No doubt we all remember the Salem Witch Trials as a horrific event filled with wild accusations, brutal trials and executions, and mass hysteria and mob mentality. But the Salem Witch Trials were certainly not the norm or else we would not remember them as well. So what made the Salem Witch Trials possible?
To start, the government in Salem at the time takes some of the blame. The theocracy in charge of Salem and indeed the region made witchcraft a crime that is both heavily punished and yet easy to pin on others. This makes it possible for vengeance to be extracted fairly easily through legal means. Social standards also are a little at fault as the lack of privacy advocated in the community certainly made it easy to feed on the resulting paranoia and convert it to mass hysteria
The most important factor in the creation of the Salem Witch Trials, though, has to be the mob mentality.
As pointed out by John Proctor in Arthur Miller's The Crucible, the accusing party in the Witch Trials is never at fault and is often seen as completing a holy task.
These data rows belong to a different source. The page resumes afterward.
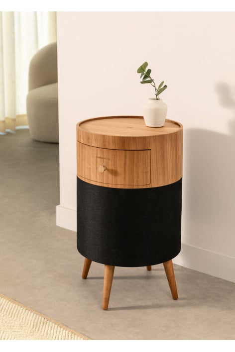 Its function is twofold: speaker and side table, as it has a storage drawer. You can also use it to charge your mobile device.
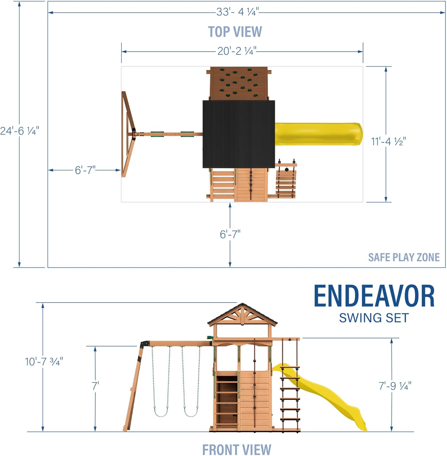 - Climbing Rope Ladder: 9-foot-tall rope ladder with wooden rungs offers adventurous climbing fun, leading to a victory bell to celebrate the summit
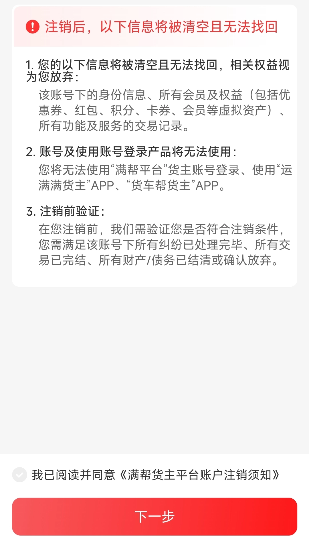 3、先勾选下方注销协议,再点击【下一步】
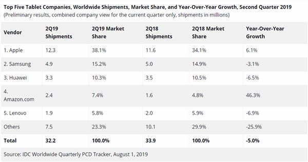 根据IDC发布的2019 Q2平板电脑统计数据显示,全球平板电脑市场前五名的厂商分别为苹果、三星、华为、亚马逊与联想。其中,三星、华为、联想平板电脑大多数都是采用安卓系统,其中三星则以490万出货量,15.2%的份额名列第二,同比下滑3.1%。第三名是华为,出货量330万台, 市场份额10.3%。至于第五名的联想,出货量190万台,市场份额5.8%,同比下降6.9%。
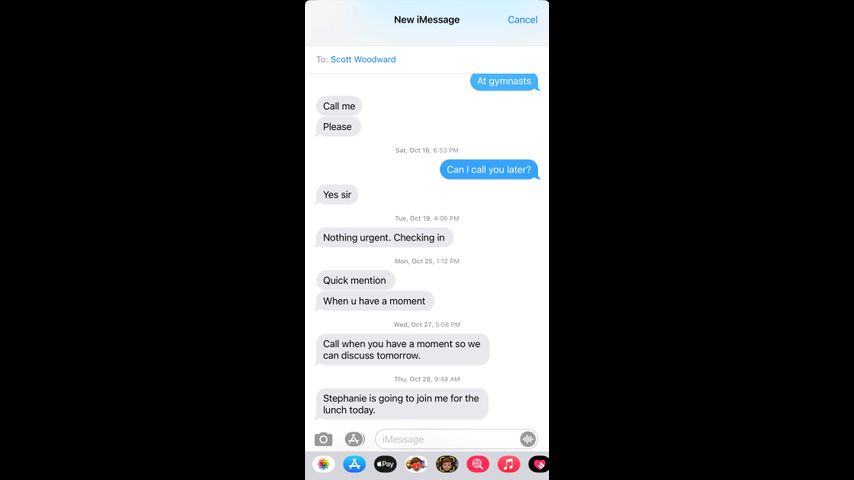 “I have a quick question when you have a minute,” Woodward texted Tate on Oct. 6. There was no additional public communication between the men until Oct. 7 when, again, Woodward asked for a minute of Tate’s time. The next text message entry is three days later.

Thus, there is a huge incentive to be part of the accusing party -- accusations against you will not be taken seriously. As the mob grew larger and larger the power it wielded grew until the courts began to act like democracies; you won if more people screamed with you. And with the charges more often than not leveled on a single person, it's rather hard for the accused to win such a battle.
This effect can be shown in a segment in the following video clip:
http://www.youtube.com/watch?v=ygEEL57AcZs
Start at about 6 minutes in and end at 7 for the specific segment about a democracy vs a republic.
The powers of democracy and mob mentality made it so that the powerful elite at the head of the mob could charge who they liked of Witchcraft and get many of them to die or lose their reputations. Thus, the Trials could commence in of their grisly glory (or lack of glory thereof).